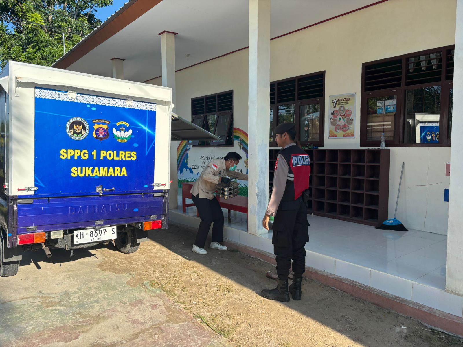 SUKAMARA – Sat Samapta Polres Sukamara melaksanakan kegiatan pengawalan pendistribusian Makanan Bergizi Gratis (MBG) ke sekolah-sekolah yang ada di wilayah Kota Sukamara sebagai bentuk dukungan terhadap program pemerintah dalam meningkatkan kualitas gizi dan kesehatan peserta didik di lingkungan sekolah. Kegiatan ini juga menjadi bagian dari upaya Polri dalam memberikan pelayanan terbaik kepada masyarakat, khususnya dalam mendukung program yang bersifat sosial dan kemanusiaan, Selasa (28/04/2026) pagi.
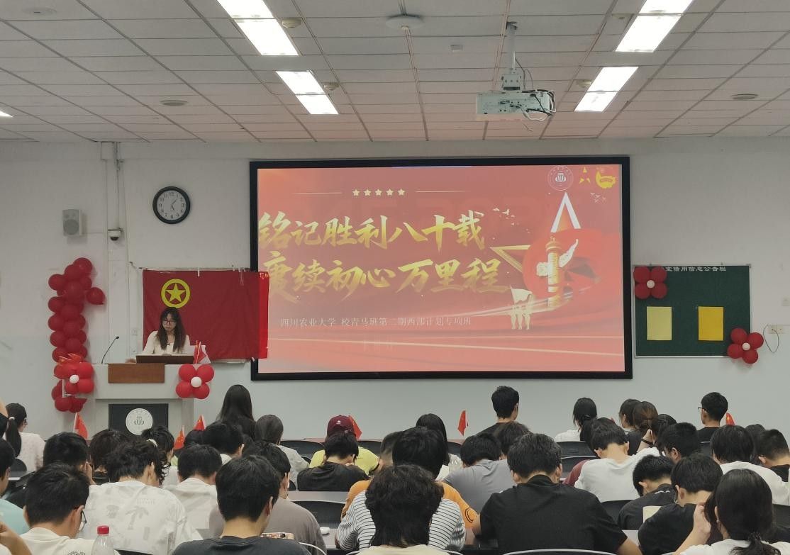 在“百廿校史砺初心,青春建功新时代”环节中,自制视频《川农大发展史与专业发展史》带领同学们回顾学校百年历程,感悟“川农大精神”的深厚底蕴。校史知识趣味问答环节将气氛推向高潮,同学们踊跃参与,在互动中深化对校史文化的认同。之后,“知行合一强农路,青春聚力乡村兴”环节聚焦暑期社会实践成果,优秀团队代表分享助农经历,从教育扶贫到农业技术推广,展现了青年学子积极投身乡村振兴的实践智慧与担当精神。
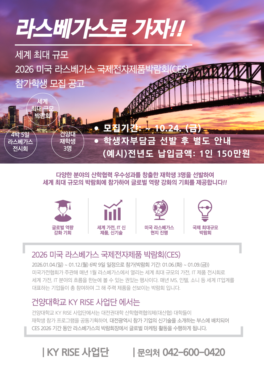 우리 대학의 KY RISE 사업단에서는 대전권 대학 산학협의체와 공동기획으로 아래와 같이 "2026 미국 라스베가스 국제전자제품박람회(CES)" 에 참가할 학생을 모집하고자 합니다.

______

* [Work to be completed]
Reproduce all the material exactly, omitting images.

* [Output]
 SUKAMARA – Sat Samapta Polres Sukamara melaksanakan kegiatan pengawalan pendistribusian Makanan Bergizi Gratis (MBG) ke sekolah-sekolah yang ada di wilayah Kota Sukamara sebagai bentuk dukungan terhadap program pemerintah dalam meningkatkan kualitas gizi dan kesehatan peserta didik di lingkungan sekolah. Kegiatan ini juga menjadi bagian dari upaya Polri dalam memberikan pelayanan terbaik kepada masyarakat, khususnya dalam mendukung program yang bersifat sosial dan kemanusiaan, Selasa (28/04/2026) pagi.
 在“百廿校史砺初心,青春建功新时代”环节中,自制视频《川农大发展史与专业发展史》带领同学们回顾学校百年历程,感悟“川农大精神”的深厚底蕴。校史知识趣味问答环节将气氛推向高潮,同学们踊跃参与,在互动中深化对校史文化的认同。之后,“知行合一强农路,青春聚力乡村兴”环节聚焦暑期社会实践成果,优秀团队代表分享助农经历,从教育扶贫到农业技术推广,展现了青年学子积极投身乡村振兴的实践智慧与担当精神。
 우리 대학의 KY RISE 사업단에서는 대전권 대학 산학협의체와 공동기획으로 아래와 같이 "2026 미국 라스베가스 국제전자제품박람회(CES)" 에 참가할 학생을 모집하고자 합니다.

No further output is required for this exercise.